FAT – La Terre vue du ciel est l’un des motifs les plus fascinants qui soit. Il faut s’y attarder un instant avant d’expliquer pourquoi on a choisi de l’abandonner dans Terra Forma. On assimile souvent le motif de la Terre vue du ciel à la « bille bleue », cette photographie iconique de la NASA, prise par l’équipe d’Apollo 17 le 7 décembre 1972. En réalité, quand on produit cette photographie iconique, il y a des siècles de construction antérieure de cette image, des siècles d’accumulation et de superposition d’images mentales de la Terre vue de loin, globe terrestre en mouvement dans le cosmos. Les textes que j’ai étudiés sont justement parmi les premiers à développer le motif de la Terre vue du ciel, et ils le font grâce à la fiction du voyage lunaire. Le fameux « point de vue de Sirius » dont parlera Voltaire dans Micromégas, au 18e siècle, est d’abord un point de vue lunaire un siècle plus tôt : la fiction d’un regard distancié sur la Terre suite à un voyage dans la Lune. C’est Wilkins décrivant la Terre tournant « comme un globe », Cyrano racontant comment la Lune est une Terre, et la Terre une autre Lune, Kepler décrivant la mappemonde terrestre qui se déroule sous le regard de son héros voyageur lunaire au moment où celui-ci est projeté dans l’espace. Que ce motif soit construit au 17e siècle n’est pas un hasard : il coïncide avec l’invention moderne du global, comme image, et comme idéal cosmopolitique et économique.

 

Vous avez raison de parler de regard et d’instrumentation. En travaillant sur Terra Forma, nous nous sommes dit : si nous voulons sortir d’un imaginaire cartographique et géographique traditionnel, il faut s’équiper autrement.
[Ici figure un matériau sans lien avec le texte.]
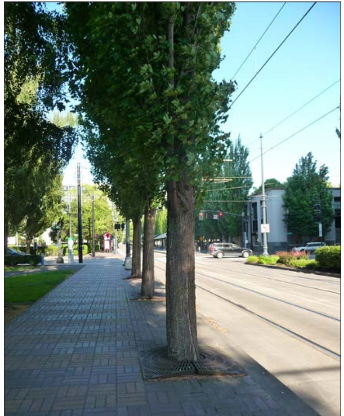
Location is one factor in determining a tree's value.

The species rating is a comparative value given to the tree or plant based upon its individual characteristics. Consideration is given to the plant's assets and its inherent qualities. This rating is provided by a council of experts in the area and will vary within regions around the country. Additionally, there can be variations in ratings within the state, relative to hardiness zones. Adjustments will be necessary based on subjective observation. Check the local chapter of the International Society of Arboriculture for more information on the ratings for your state.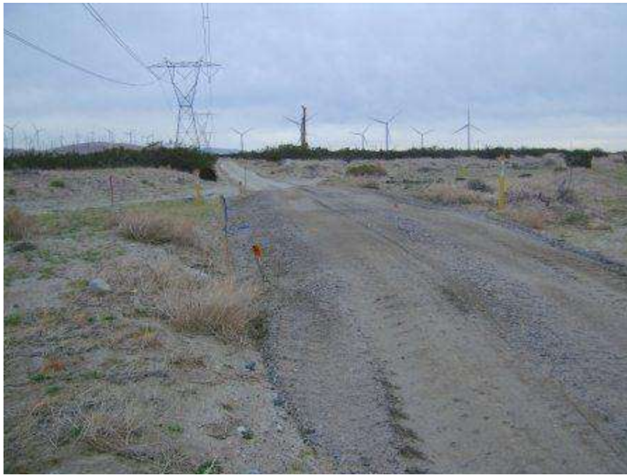
Figure 3. Base material within the limits of the access road used to properly cover a pipeline crossing between Towers 1023 and 1022.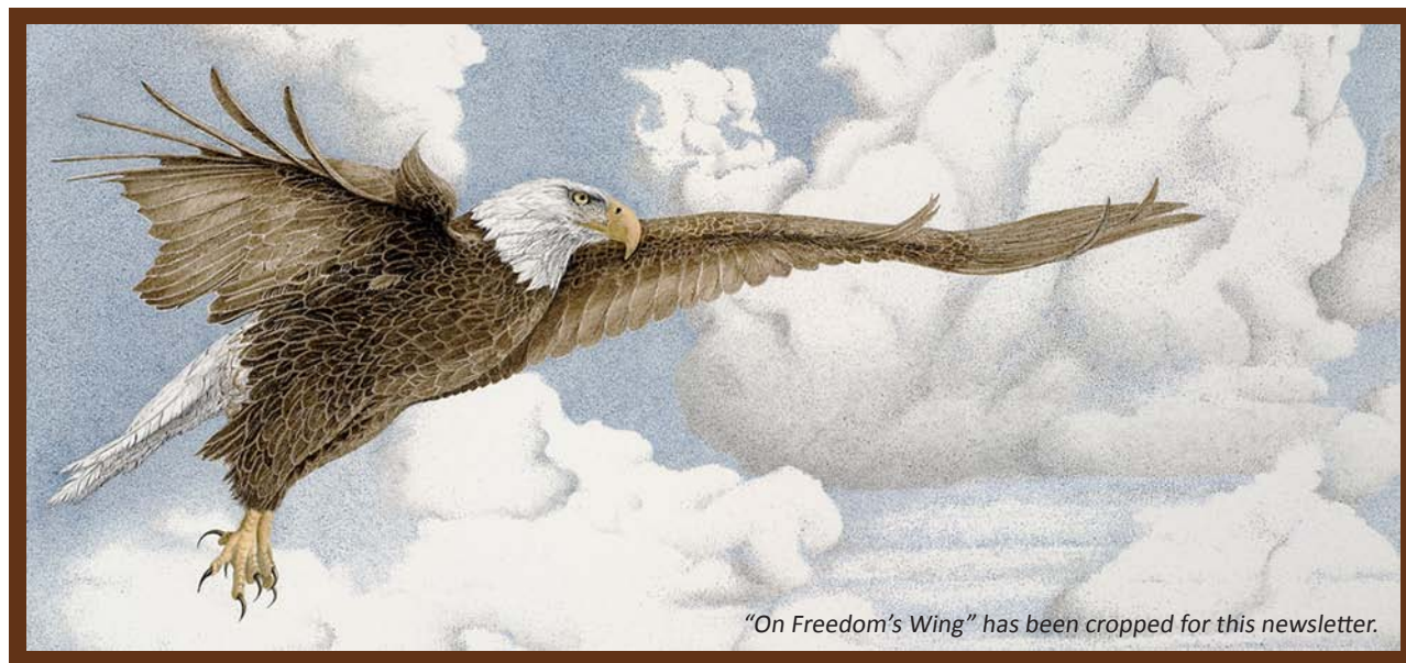
"On Freedom's Wing" has been cropped for this newsletter.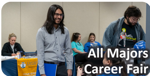
All Majors Career Fair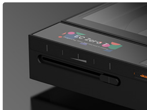
Image 3.2: Detailed view of the sliding potentiometer for volume control.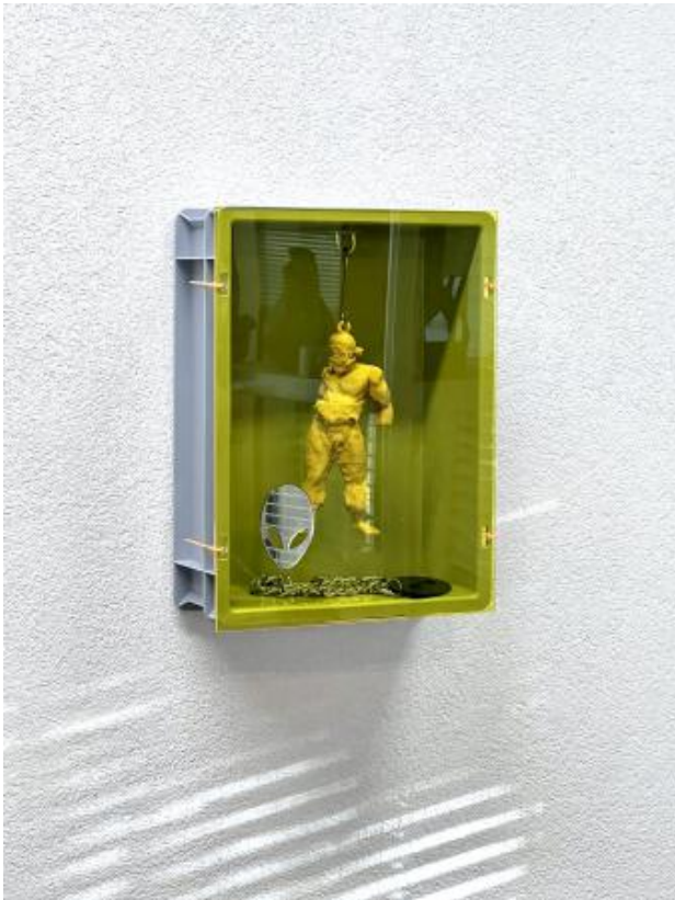
my radical friend , 2023 Mixed Technique, 30x40x7 cm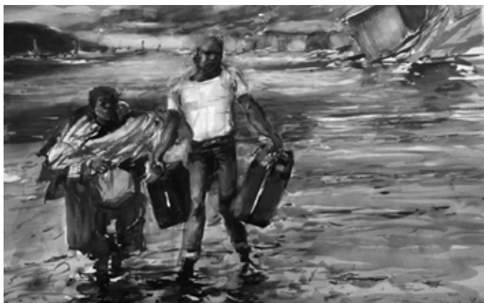
Henk Pander Painting

Setting this poem, I wanted to capture the poem's nuance of finding light without dismissing the horrors of violence, discrimination, and systemic oppression. Throughout the piece, I placed bits of the text in conversation with one another—creating a dialogue with both the hope and the pain the text depicts. While there is a forward push towards hope in the ending sections, the last moment uses a thick and ambiguous chord that draws out different sonorities over a long sustain—stripping away to a final, evasive harmony. What do you see?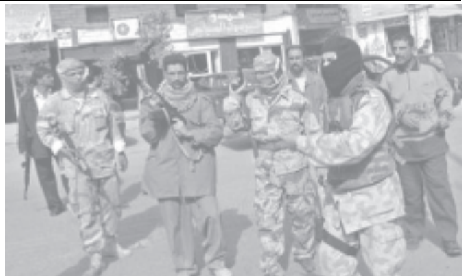
Iraqi national guardsmen secure area of al-Yarmouk hotel in the southern city of Basra, on 26 Nov, 2004.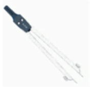
Unit 1 License Prep

CMTI offers USCG Deck License Exam Preparation for mariners at various levels of their careers. Select from our Test Prep options. See our License Exam Preparations page for more information.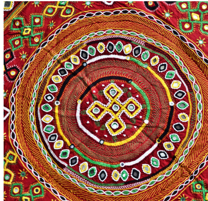
Banjara embroidery is done in intricate motifs with beads, mirrors and shells.

Banjara apparel with excessive mirror work and pleasing color combinations in perfectly balanced and blended way is a treat to the eyes. The Choli and the Skirt intricately embroidered with beads and shells are the main attraction for tourists. Despite their gradual absorption into the mainstream of life, the Banjaras still continue to keep in touch with their age-old customs, traditions and beliefs. Now this work is practiced in Sanjeev Reddy nagar in Hyderabad. They/Banjara artists run a shop named Rani Bhai Banjara Garments. They also take orders from government, which is exported around the world.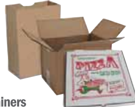
Cardboard, Pizza Boxes & Paper Bags Flatten cardboard and if needed put next to your tote at no more than 4' pieces . Remove wax paper from pizza boxes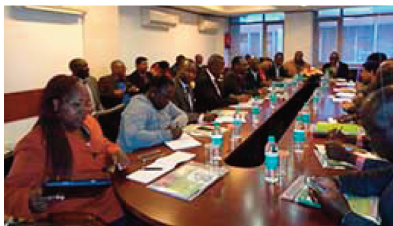
Visit of Kenya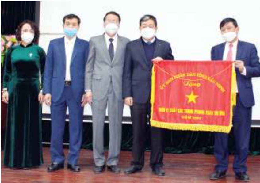
The provincial Department of Finance is honored as an excellent unit of emulation

The department will promote administrative reform in the financial sector, focusing on tax, customs, and State treasury to improve the business environment, encourage start-ups, and better serve people and businesses. ■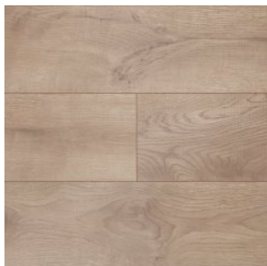
ID4958 DUB MESSEDZH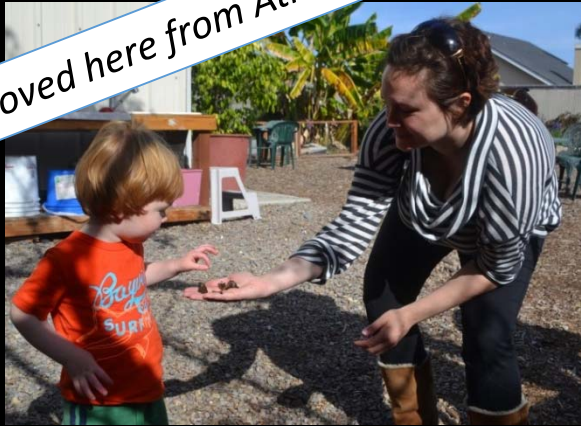
Moved here from Atlanta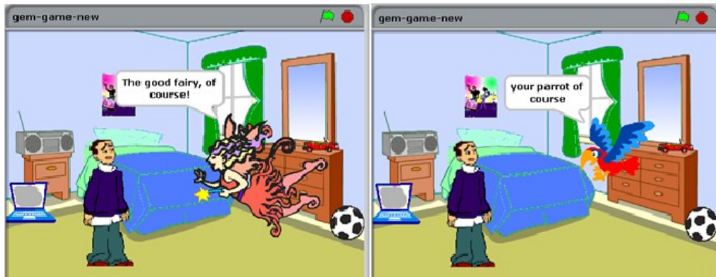
Fig. 2. Example of how students altered the game scenario in the scratch environment

the dialogue properly and according to their own preferences (e.g., see figure 2 next page).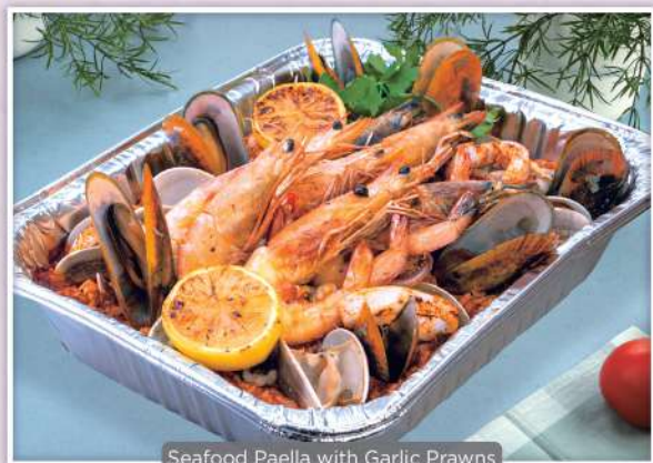
Seafood Paella with Garlic Prawns 西班牙海鮮焗飯配蒜片蝦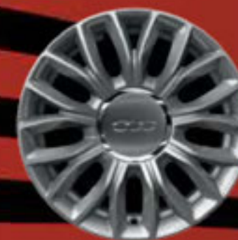
15" ALLOY WHEELS glossy silver (opt. LOUNGE)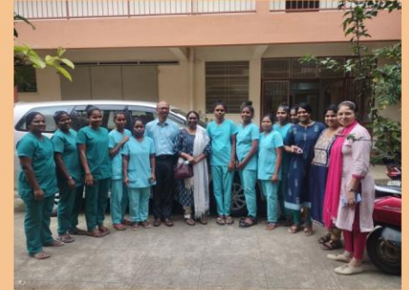
Advantage Elder care Home, Bangalore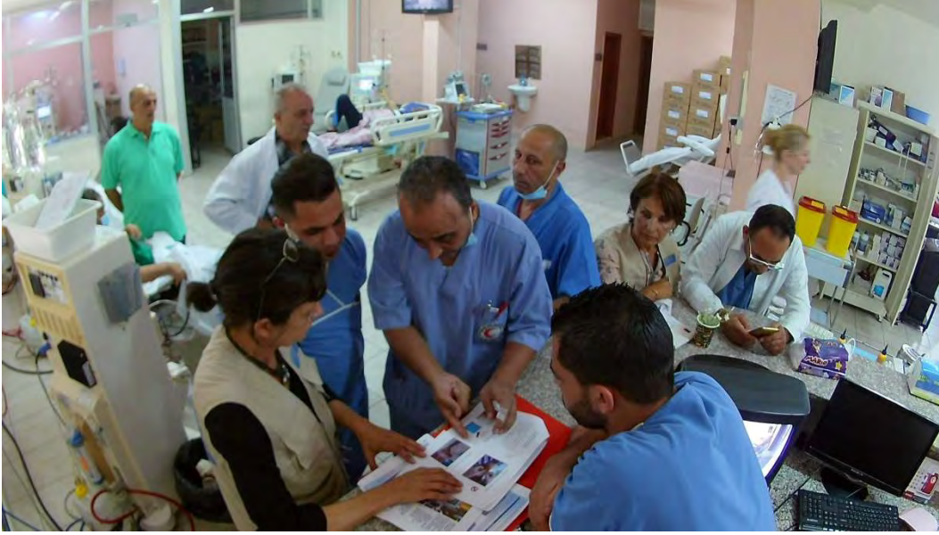
Training at Haamshari dialysis center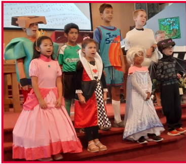
October 30, 2022 Our Young Trick-or-Treaters

Thurs, Dec 1 6:00 pm, PB Holiday Float Prep 7:00 pm, Narc Anon Fri, Dec 2 6:00 pm, PB Holiday Float Prep Sat, Dec 3 10:00 am, Al-Anon 2:00 pm, Hanging of the Greens in the Sanctuary (p. 1) 6:00 pm, PB Holiday Float Prep

La référence aux 16e et 17e siècles était permanente pour moi : quels sont les télescopes, les micromètres, les sextants, les sphères armillaires et les outils d’arpentage de notre temps ? Qu’est-ce qui nous permet de sortir du rapport horizontal et cartésien à l’espace, marqué par la res extensa ? Comment échapper au point de vue de Sirius et à l’espace projectif de la cartographie classique ? L’une des possibilités était, en puisant notre inspiration dans l’histoire de l’optique (et en particulier chez le microscopiste Robert Hooke que j’ai longtemps étudié), de prendre des lentilles différentes : pour regarder autrement, il faudrait non pas proposer un autre principe projectif, mais d’autres optiques. C’est le point de départ des modèles de Terra Forma. Chacun de ces modèles modifie légèrement l’un des référentiels traditionnels de la cartographie.

 

En travaillant sur Terra Forma, nous nous sommes dit : si nous voulons sortir d’un imaginaire cartographique et géographique traditionnel, il faut s’équiper autrement. (...) Pour regarder autrement, il faut non pas proposer un autre principe projectif, mais d’autres optiques. C’est le point de départ des modèles de Terra Forma.

Frédérique Aït-Touati

 

Le livre s’ouvre sur la question fondamentale de l’orientation, non plus conventionnellement vers le nord, mais vers le sol. Le premier modèle consiste donc à prendre le sol pour référentiel, afin de cartographier non pas seulement la surface, mais les profondeurs et l’atmosphère. Ce premier chapitre est fondamental pour nous car il préfigure toute une série de gestes de renversement pour voir autrement les choses. La carte Sol fonctionne comme un gant retourné : on a placé l’atmosphère au centre, la terre profonde sur le pourtour, et ce qui occupe la majeure partie de la carte est la fine couche de la croûte terrestre, qui s’étend comme une peau – ce que les scientifiques appellent la « zone critique », parce qu’elle est en danger alors que toute la vie y est concentrée. Par une sorte d’anamorphose, il s’agit de donner à voir ce que d’ordinaire on ne voit pas, en raison d’un problème d’échelle : la zone critique est infinitésimale par rapport au globe.

 

Or cette chose qu’on ne voit pas est le lieu où se concentrent la vie, ses ressources, mais aussi finalement le tout de notre expérience possible. Le modèle sol nous permet donc de visualiser les profondeurs, les différents organismes qui s’y trouvent, mais aussi les objets qui y sont enfouis et qui sont pour la majorité fabriqués par l’homme (ses déchets, ses morts, les choses que l’on tente d’oublier, les réseaux qui font fonctionner les villes, etc.). Les modèles suivants : points de vie, paysages vivants, frontières et espace-temps, explorent la manière dont les vivants tracent leurs territoires, laissent des empreintes à leur surface, cohabitent, développent des frontières épaisses, c’est-à-dire des milieux, ou ajustent leurs rythmes de vie.

 

Le cartographe doit désormais s'interroger sur la façon dont ces entités sont en mouvement et quelles formes du territoire elles engendrent : c’est l’enjeu du passage du point de vue au point de vie.

Frédérique Aït-Touati

 

MPB – Arrêtons-nous un instant sur le passage du point de vue au point de vie. Que recouvre-t-il ?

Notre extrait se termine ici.